Chapter 24

An Integrated AR-FEM-AI System for Real-time Structural Simulations and X-ray Visualisation of Heritage and Ageing Buildings

Iasef Md Rian

Department of Architecture, Xian Jiaotong-Liverpool University, Suzhou, China

Abstract

Heritage and ageing structures are increasingly vulnerable to deterioration, environmental loads, and long-term material fatigue. Conventional structural monitoring techniques, such as embedded sensing systems or invasive sampling, often face practical, financial, or ethical constraints, particularly in conservation contexts. In response, this research proposes an integrated, non-contact framework that combines Augmented Reality (AR), Finite Element Modelling (FEM), and Artificial Intelligence (AI) to enable early-stage structural assessment and immersive visualisation. The framework is currently under development and is being applied to representative case studies of Chinese heritage architecture, including timber pagodas and masonry towers. Within this system, FEM provides simulated structural responses under various loading scenarios. AI models are trained on these outputs to deliver rapid, predictive analysis, and AR interfaces project these insights onto physical structures through intuitive, layered visualizations. This approach aims to support conservation workflows by facilitating preliminary diagnostics without physical intervention, while also enhancing educational and public engagement with built heritage. Although still in progress, the framework is conceived to be scalable and adaptable across diverse structural typologies and regional contexts, offering a novel pathway toward sustainable, data-informed heritage management.
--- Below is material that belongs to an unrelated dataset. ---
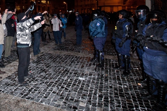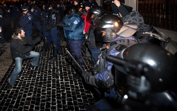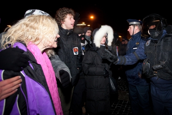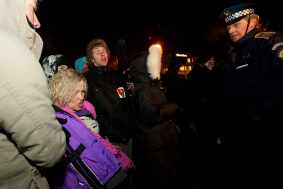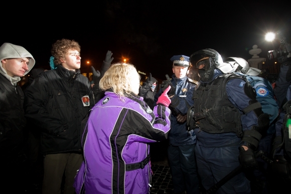 Novinár Tom Nicholson počas protestu Gorila - 3. v Bratislave. Bratislava, 10. február 2012. Foto: SITA/Jozef Jakubčo

Keywords: Artificial Intelligence, Augmented Reality, FEM, Predictive Simulation, Structural Health Monitoring, Heritage, Ageing and Existing Structures, Digital Twin

Introduction and Background

Heritage structures, from Gothic cathedrals in Europe to timber pagodas in China, embody centuries of cultural and technological achievement. Yet they face accelerating risks from ageing, climate change, urbanisation, and inadequate maintenance1. Modern urban buildings, though constructed with advanced materials, also develop vulnerabilities over time, highlighting the need for advanced monitoring strategies to ensure resilience and safety2. Traditional diagnostic methods such as strain gauges, embedded sensors, and destructive sampling are often invasive, expensive, and limited in scope. For heritage sites protected under conservation laws, such approaches are frequently unacceptable, while large-scale or retrofitted buildings demand real-time solutions that surpass the capabilities of manual inspection3.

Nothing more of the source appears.